Subdivision defined (As it relates to bonding)

A subdivision bond is a common state requirement for developers working on government-required public construction to a subdivision plat. The subdivision risk is a guarantee to the state, city, county or public utility district that a principal involved in the construction of a subdivision or the improvement of land will finance and complete any mandatory public improvements.

Public improvements may include:

  • Streets
  • Utilities
  • Landscaping
  • Storm drains
  • Sidewalks
  • Curbs
  • Gutters
construction flag in oregon

This is also considered “off-site improvement” which will become the property of the public entity once the work is completed and the principal/bond is released by the obligee.

Why is the bond needed?

With subdivision bonds, the owner of the project (typically the land owner) will provide the bond to the public agency to guarantee the improvements that will benefit the public but are paid for by the owner/developer. The owner/developer is then required to pay the cost of building the bonded improvements instead of the public agency.

Contractors at a construction site
Subdivision bonds are a common requirement in most states.

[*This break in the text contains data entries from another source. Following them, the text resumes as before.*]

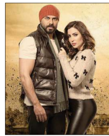
مسلسل «ختم النمر»
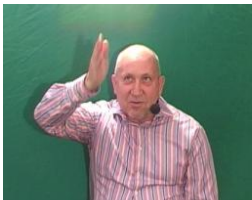
Figure 1: La mire (compteur 1.06)

alignées pendant un laps de temps suffisant 4 . D'autres segments peuvent s'ajouter à cet alignement : le dos de la paume et l'avant-bras voire le bras. Dans certains cas, que nous aborderons, la direction du regard passe par le bout des doigts pointés vers le haut tout comme la main, et vise une zone vers l'avant comme on le ferait d'une cible avec un fusil muni d'une mire verticale dont l'extrémité est orientée vers le haut : la mire verticale est donnée par le bout des doigts étendus. Le corpus étudié montre des exemples de ces pointages/mires pour lesquels la direction du pointage ne dépend pas de l'alignement des segments gestuels. Ainsi, pour analyser le pointage, on peut dissocier alignement gestuel, directionnalité et mouvement.
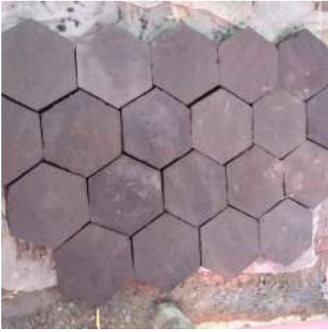
Het resultaat. 30 plavuizen per m2.
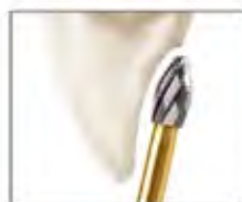
舌側・咬合面 / FIG No.379

If a separate hired contractor agrees to post the subdivision bond on behalf of the owner, the contractor would normally have the right to stop work if the owner does not pay him. However, if a contractor files the bond in favor of the public agency, the contractor is then required to complete the improvements and pay the bill regardless of whether the owner/developer has paid the contractor for the work.

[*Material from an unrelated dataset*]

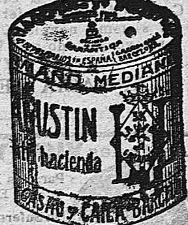
Garbanzo Sauce (5 Kilos)

Garantizamos al público que los comestibles empaquetados con nuestra marca son naturales de la planta, y sin contener la más pequeña adulteración en beneficio de ellos ni para hermosearlos, por lo cual nos hacemos responsables a todo análisis que quiera efectuarse.

Since public improvement is a condition imposed on a land owner/developer in order to move forward or complete a project, the owner is then required to furnish acceptable security to guarantee completion and payment of the work.

Who is required to secure the bond:

  • Typically the Land Owner (person(s) or entity with the legal right to the land, not the hired party/contractor to develop, build, etc.
    • This could be individual(s) or a company, or a contractor if the land is in the company’s name and not an individual. In that instance, they would be acting as a developer and not just a contractor.
  • A hired contractor/developer can agree to post the bond and take all the risk away from the land owner.

Underwriting Submission Requirements:

  • Completed subdivision application
  • Copy of the (Subdivision) Agreement/Permit with the obligee
  • Architect/Engineer’s estimate of the project
  • Signed Indemnity Agreement or consumer authorization for credit
  • Company Financials if the bonded principal is an entity
    • Balance sheet
    • Income statement
    • FYE and Interims if available 
  • Personal Financial Statements of all land owners (10% or greater ownership if in the name of a company)
  • Bond Form from the obligee
  • LLC Operating Agreement – if the company is an LLC. (This is to verify ownership).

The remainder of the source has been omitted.